= Directions =
Here the job is to transcribe only the lines from the one containing "天刀頂級號多少錢_天刀頂級號多少錢" through the last line below, exactly as written; please leave out pictures.

-- Opening Marker --

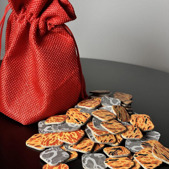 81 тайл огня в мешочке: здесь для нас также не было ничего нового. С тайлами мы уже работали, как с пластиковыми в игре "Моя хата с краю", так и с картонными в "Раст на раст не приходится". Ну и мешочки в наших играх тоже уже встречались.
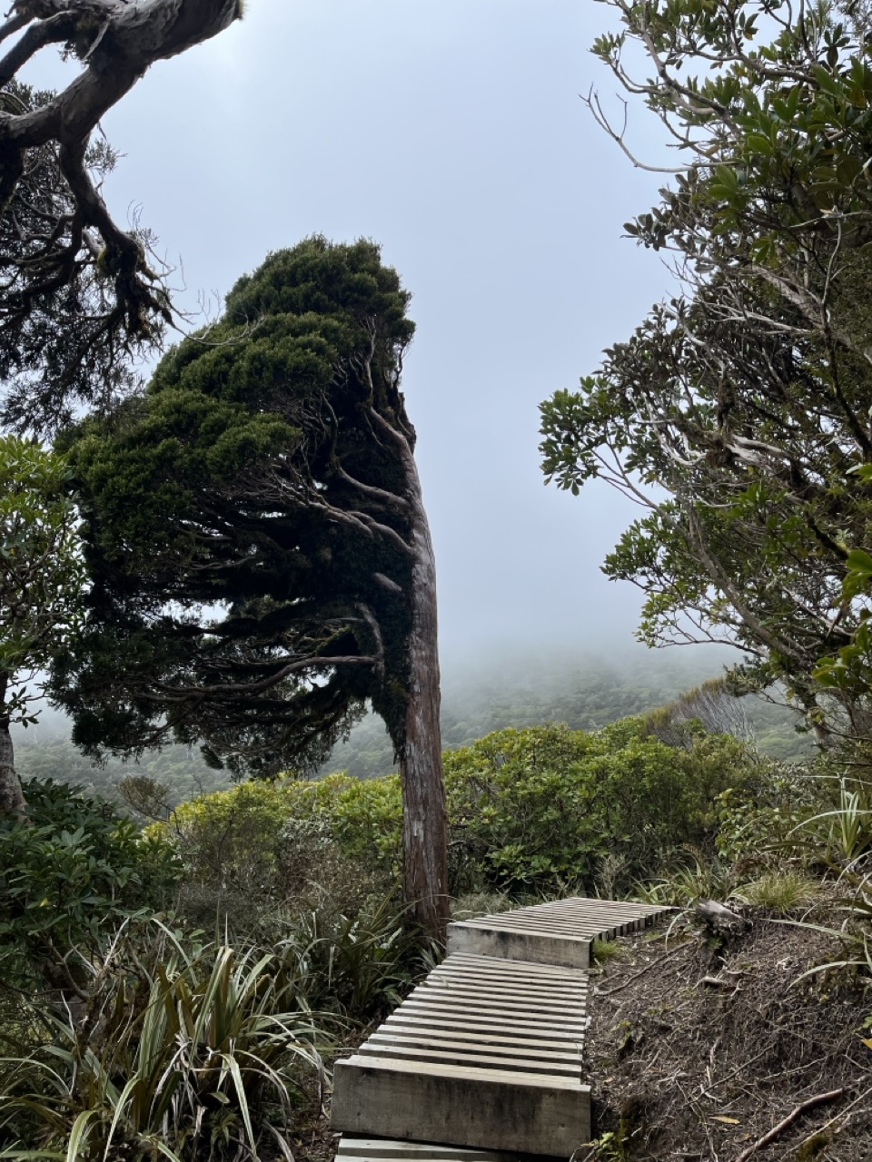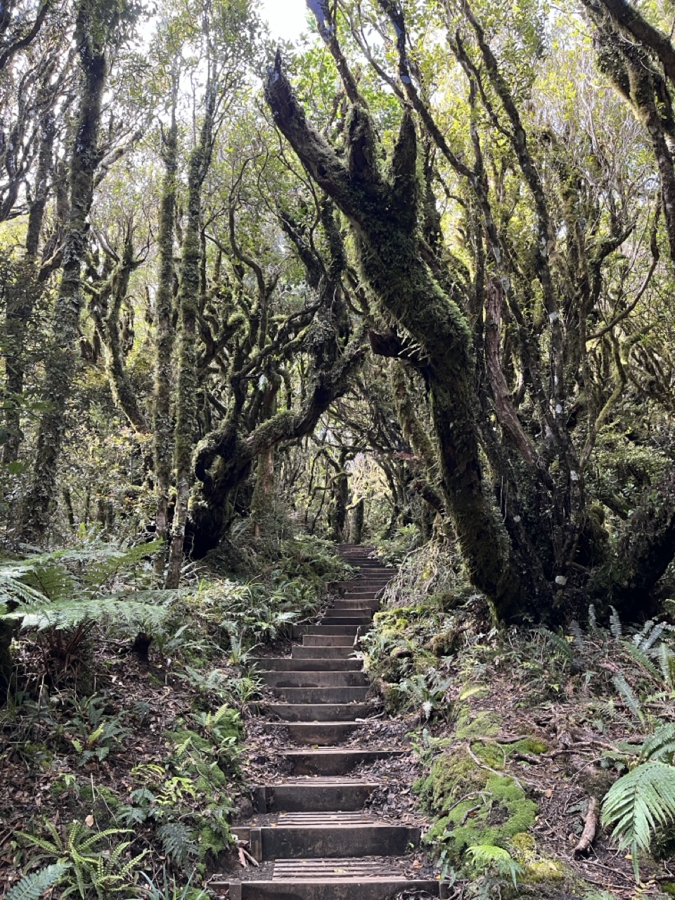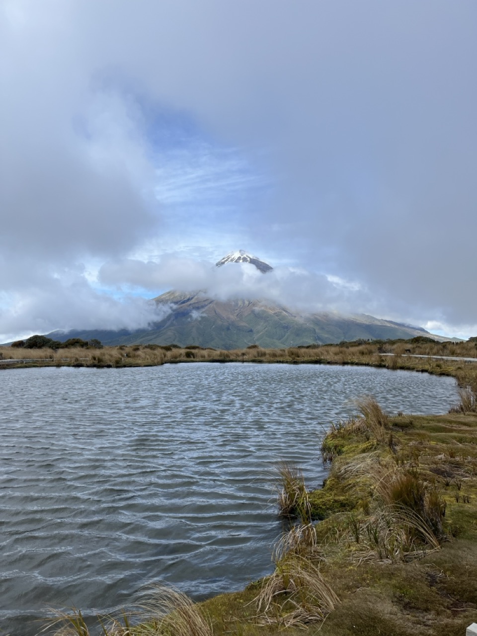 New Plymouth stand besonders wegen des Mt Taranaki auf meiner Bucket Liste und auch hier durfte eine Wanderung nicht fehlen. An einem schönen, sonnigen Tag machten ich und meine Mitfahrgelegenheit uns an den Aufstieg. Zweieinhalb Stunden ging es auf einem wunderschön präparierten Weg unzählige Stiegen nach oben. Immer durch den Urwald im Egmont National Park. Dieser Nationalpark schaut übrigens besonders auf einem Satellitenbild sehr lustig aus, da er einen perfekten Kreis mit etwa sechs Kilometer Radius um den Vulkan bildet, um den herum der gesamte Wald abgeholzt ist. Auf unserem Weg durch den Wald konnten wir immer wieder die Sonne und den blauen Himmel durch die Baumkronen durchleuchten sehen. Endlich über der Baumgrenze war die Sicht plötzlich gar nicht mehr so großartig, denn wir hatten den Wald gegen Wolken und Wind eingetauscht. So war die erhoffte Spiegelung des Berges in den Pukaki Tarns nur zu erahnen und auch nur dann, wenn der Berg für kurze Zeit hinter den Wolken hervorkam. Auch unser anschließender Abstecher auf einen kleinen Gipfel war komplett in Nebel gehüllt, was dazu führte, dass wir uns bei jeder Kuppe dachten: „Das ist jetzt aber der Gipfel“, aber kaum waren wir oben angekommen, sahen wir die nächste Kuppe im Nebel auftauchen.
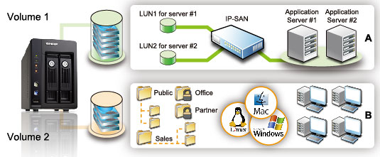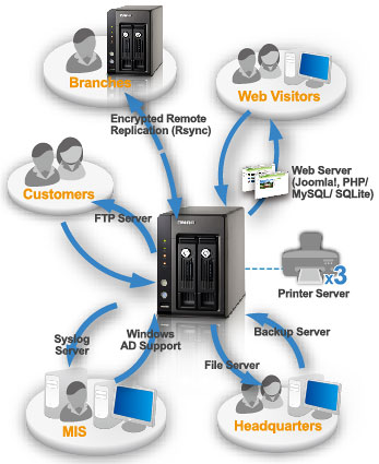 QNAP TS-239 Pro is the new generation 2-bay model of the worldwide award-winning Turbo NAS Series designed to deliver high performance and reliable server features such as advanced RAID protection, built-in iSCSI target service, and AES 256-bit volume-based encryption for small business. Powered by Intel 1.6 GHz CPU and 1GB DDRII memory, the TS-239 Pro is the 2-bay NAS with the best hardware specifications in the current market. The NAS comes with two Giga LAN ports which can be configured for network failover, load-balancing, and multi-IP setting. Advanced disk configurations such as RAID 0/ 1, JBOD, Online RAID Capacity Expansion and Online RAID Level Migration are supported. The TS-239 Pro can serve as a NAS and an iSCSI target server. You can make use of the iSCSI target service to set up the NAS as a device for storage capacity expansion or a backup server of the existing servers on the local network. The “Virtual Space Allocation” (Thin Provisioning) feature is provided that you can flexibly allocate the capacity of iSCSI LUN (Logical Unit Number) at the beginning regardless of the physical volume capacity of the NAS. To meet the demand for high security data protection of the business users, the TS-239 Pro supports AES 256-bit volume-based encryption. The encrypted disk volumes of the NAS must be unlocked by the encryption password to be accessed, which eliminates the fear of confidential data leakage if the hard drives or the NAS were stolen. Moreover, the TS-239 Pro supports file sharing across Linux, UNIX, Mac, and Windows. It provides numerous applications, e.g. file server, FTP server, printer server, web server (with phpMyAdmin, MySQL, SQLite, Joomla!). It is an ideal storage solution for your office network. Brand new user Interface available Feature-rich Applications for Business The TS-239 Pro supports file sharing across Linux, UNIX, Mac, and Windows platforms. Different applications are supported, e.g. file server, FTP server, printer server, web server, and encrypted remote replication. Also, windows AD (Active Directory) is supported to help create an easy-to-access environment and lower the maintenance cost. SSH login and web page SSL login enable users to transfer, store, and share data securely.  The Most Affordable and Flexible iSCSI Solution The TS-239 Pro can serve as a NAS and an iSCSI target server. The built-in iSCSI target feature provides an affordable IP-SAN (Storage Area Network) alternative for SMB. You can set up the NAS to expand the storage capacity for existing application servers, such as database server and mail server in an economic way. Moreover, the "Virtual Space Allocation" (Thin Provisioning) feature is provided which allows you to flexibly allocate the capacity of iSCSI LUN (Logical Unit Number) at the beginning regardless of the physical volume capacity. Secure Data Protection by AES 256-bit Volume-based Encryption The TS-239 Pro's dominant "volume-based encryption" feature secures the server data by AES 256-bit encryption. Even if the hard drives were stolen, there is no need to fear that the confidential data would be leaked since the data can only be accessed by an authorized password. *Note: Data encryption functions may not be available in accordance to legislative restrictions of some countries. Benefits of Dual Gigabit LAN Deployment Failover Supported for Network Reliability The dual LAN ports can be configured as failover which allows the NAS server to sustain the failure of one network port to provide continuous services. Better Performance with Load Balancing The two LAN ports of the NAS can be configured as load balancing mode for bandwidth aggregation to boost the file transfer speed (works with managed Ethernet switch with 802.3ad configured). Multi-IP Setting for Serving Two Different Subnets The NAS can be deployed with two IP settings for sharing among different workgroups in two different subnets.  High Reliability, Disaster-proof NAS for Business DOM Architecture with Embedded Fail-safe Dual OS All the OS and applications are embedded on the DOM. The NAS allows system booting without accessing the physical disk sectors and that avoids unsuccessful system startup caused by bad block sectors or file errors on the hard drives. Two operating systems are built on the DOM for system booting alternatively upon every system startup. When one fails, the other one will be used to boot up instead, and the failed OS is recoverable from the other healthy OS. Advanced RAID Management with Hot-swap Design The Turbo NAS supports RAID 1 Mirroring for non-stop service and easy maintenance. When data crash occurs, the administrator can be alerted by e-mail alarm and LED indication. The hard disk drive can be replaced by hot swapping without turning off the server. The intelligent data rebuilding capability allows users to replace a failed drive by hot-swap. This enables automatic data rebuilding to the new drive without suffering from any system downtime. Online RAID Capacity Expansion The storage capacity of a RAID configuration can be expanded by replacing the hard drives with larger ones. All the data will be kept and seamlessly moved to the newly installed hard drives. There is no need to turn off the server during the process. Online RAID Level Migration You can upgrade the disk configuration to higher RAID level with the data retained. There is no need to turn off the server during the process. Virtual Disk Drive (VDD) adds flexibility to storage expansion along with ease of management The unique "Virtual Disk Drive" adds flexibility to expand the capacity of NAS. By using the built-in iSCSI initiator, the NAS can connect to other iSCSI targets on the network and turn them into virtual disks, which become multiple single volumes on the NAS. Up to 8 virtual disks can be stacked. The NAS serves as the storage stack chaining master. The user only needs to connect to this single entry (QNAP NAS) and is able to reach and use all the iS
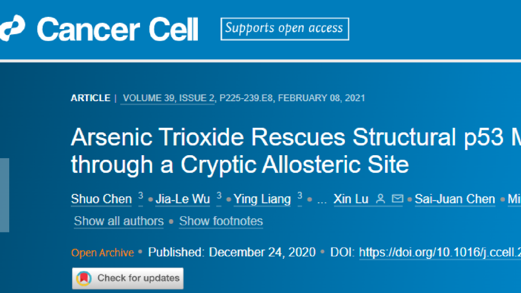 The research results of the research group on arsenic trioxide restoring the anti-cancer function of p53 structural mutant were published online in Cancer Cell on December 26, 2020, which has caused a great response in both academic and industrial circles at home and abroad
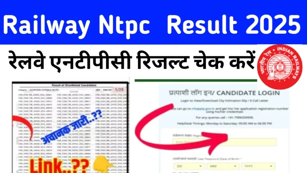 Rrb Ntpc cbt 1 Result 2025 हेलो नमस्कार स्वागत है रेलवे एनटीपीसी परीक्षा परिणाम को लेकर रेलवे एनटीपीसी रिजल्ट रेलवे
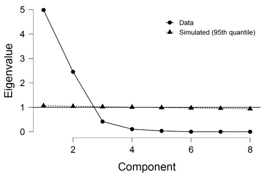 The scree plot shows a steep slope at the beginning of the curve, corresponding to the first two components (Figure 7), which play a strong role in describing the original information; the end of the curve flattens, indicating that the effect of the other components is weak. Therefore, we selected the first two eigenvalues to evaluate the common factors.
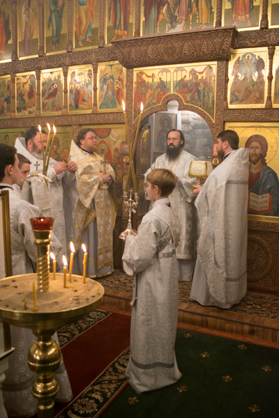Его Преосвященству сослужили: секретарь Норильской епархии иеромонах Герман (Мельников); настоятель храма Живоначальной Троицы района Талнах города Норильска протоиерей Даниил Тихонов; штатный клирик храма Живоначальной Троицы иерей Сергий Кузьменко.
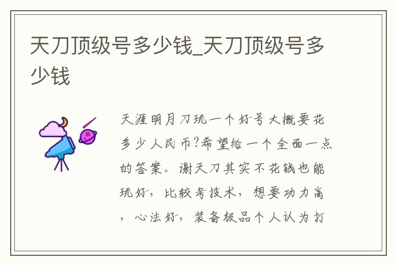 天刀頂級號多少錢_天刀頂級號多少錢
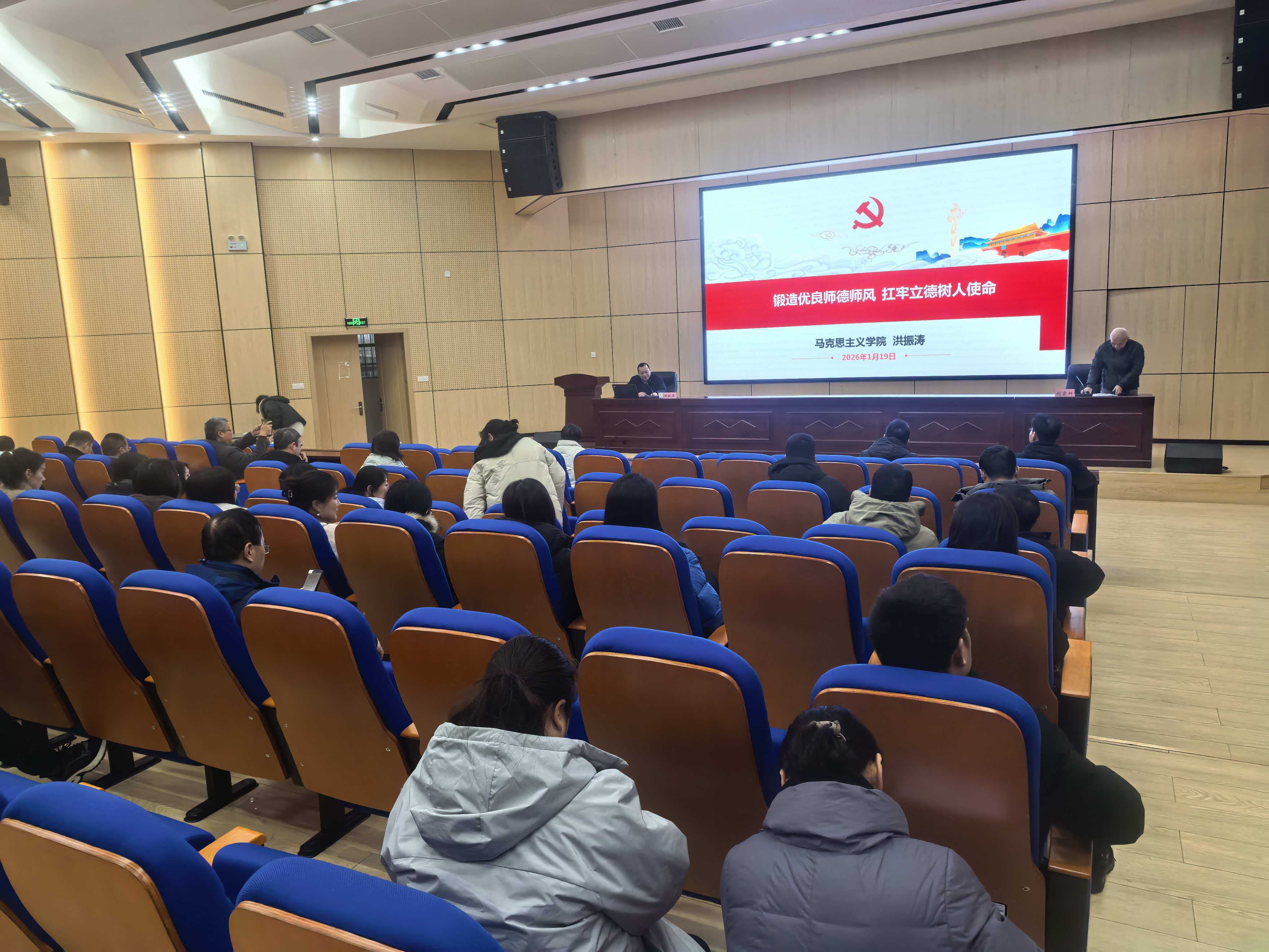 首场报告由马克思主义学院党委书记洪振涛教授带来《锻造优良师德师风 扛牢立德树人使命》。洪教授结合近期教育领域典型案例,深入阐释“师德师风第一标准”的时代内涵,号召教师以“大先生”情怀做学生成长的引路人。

-- Closing Marker --

= Answer for the task =
 天刀頂級號多少錢_天刀頂級號多少錢
 首场报告由马克思主义学院党委书记洪振涛教授带来《锻造优良师德师风 扛牢立德树人使命》。洪教授结合近期教育领域典型案例,深入阐释“师德师风第一标准”的时代内涵,号召教师以“大先生”情怀做学生成长的引路人。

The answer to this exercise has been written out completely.